From February to April 2021, we carried out an explanatory sequential mixed methods study [12] within this project. Our sample size was determined using the formula for survey sampling by Kish Leslie [13]. For our calculation, we considered the average prevalence of AUD among persons diagnosed with TB to be 30% [10]. Our estimated sample size was therefore 322.
We consecutively enrolled persons ≥ 18 years who were diagnosed with bacteriologically confirmed TB by private health providers trained by the project. Qualitative study participants were purposively selected from persons with TB who screened positive for AUD and invited to attend focus group discussions (FGDs).
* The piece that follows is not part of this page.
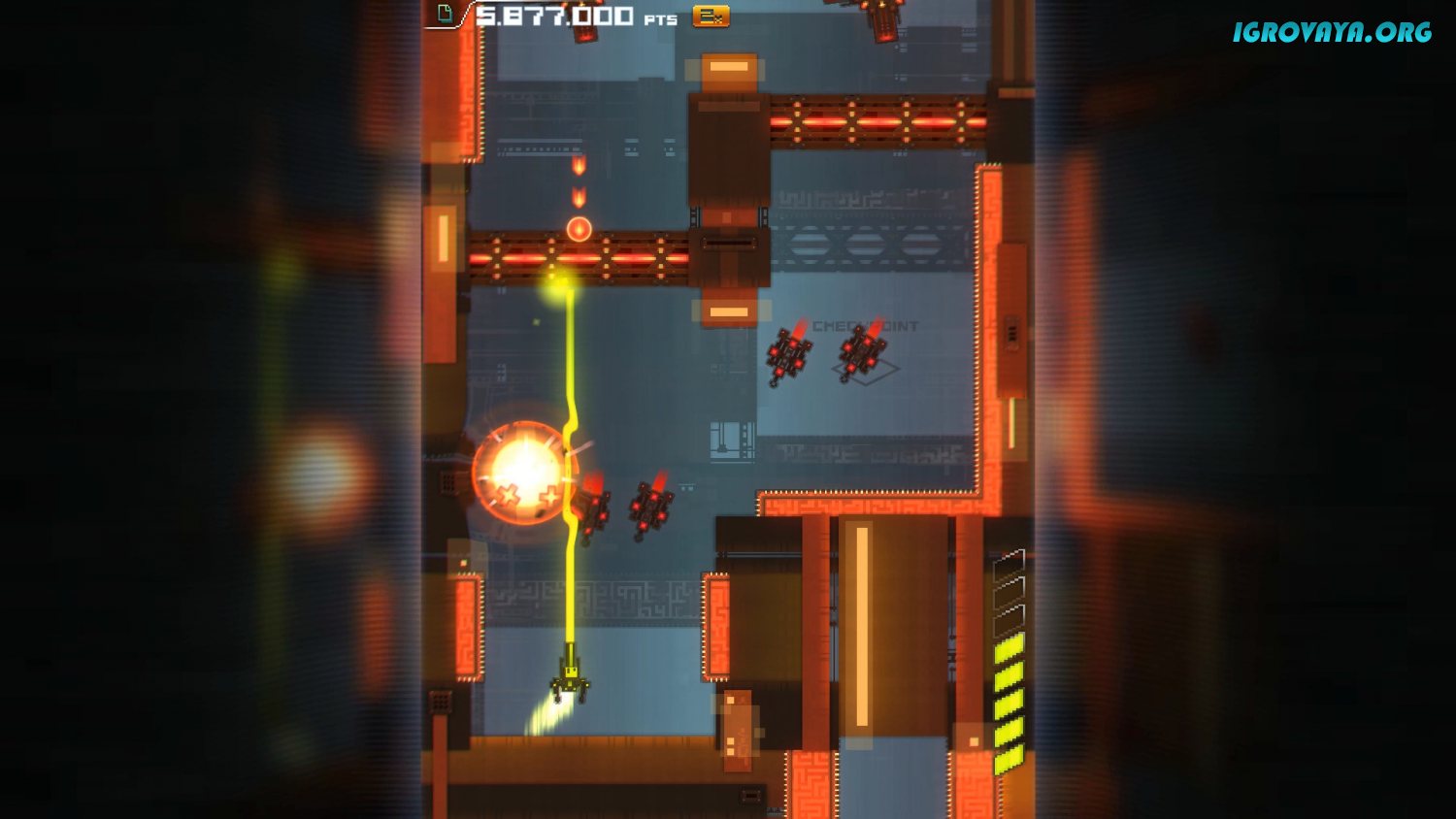 С каждым уровнем количество соперников и их возможности увеличиваются. Расправляйтесь с ними за наименьший промежуток времени, чтобы получить больше белых сфер. Они увеличивают счет и скорость передвижения, а также отображаются в финальной таблице. Не забывайте разрушать некоторые элементы окружения, чтобы собрать дополнительные очки.

Participants who were available within the study area and agreed to attend the discussions were interviewed.
Data collection
We collected quantitative data using structured questionnaires, which assessed participants’ socio demographic characteristics, medical history, and alcohol use. Data on alcohol use were collected using the CAGE questionnaire, a four -symptom questionnaire that asks people if they have ever (a) felt the need to cut down on their drinking (b) felt annoyed by criticism of their drinking (c) had guilty feelings about drinking and (d) taken a morning eye-opener. Male participants are classified as having screened positive for AUD if they gave an affirmative response to ≥ 2 questions while female participants are classified as having screened positive for AUD if they had an affirmative response to ≥ 1 questions. The lower cut off score for women was chosen considering the clinical and epidemiological differences between male and female patterns of alcohol use disorder [14, 15]. The CAGE has test-retest high reliability [16] and has been validated against the Diagnostic Statistical Manual (DSM) criteria for alcohol use disorder in a variety of settings. Among primary care patients (a population similar to the one in this study), a CAGE score of ≥ 2 was shown to have a sensitivity of 0.71, a specificity of 0.91 and a positive predictive value of 0.74 [17] For the recognition of covert alcohol dependency, the CAGE questionnaire was shown to have a positive predictive value of 87% compared to the DSM criteria [18].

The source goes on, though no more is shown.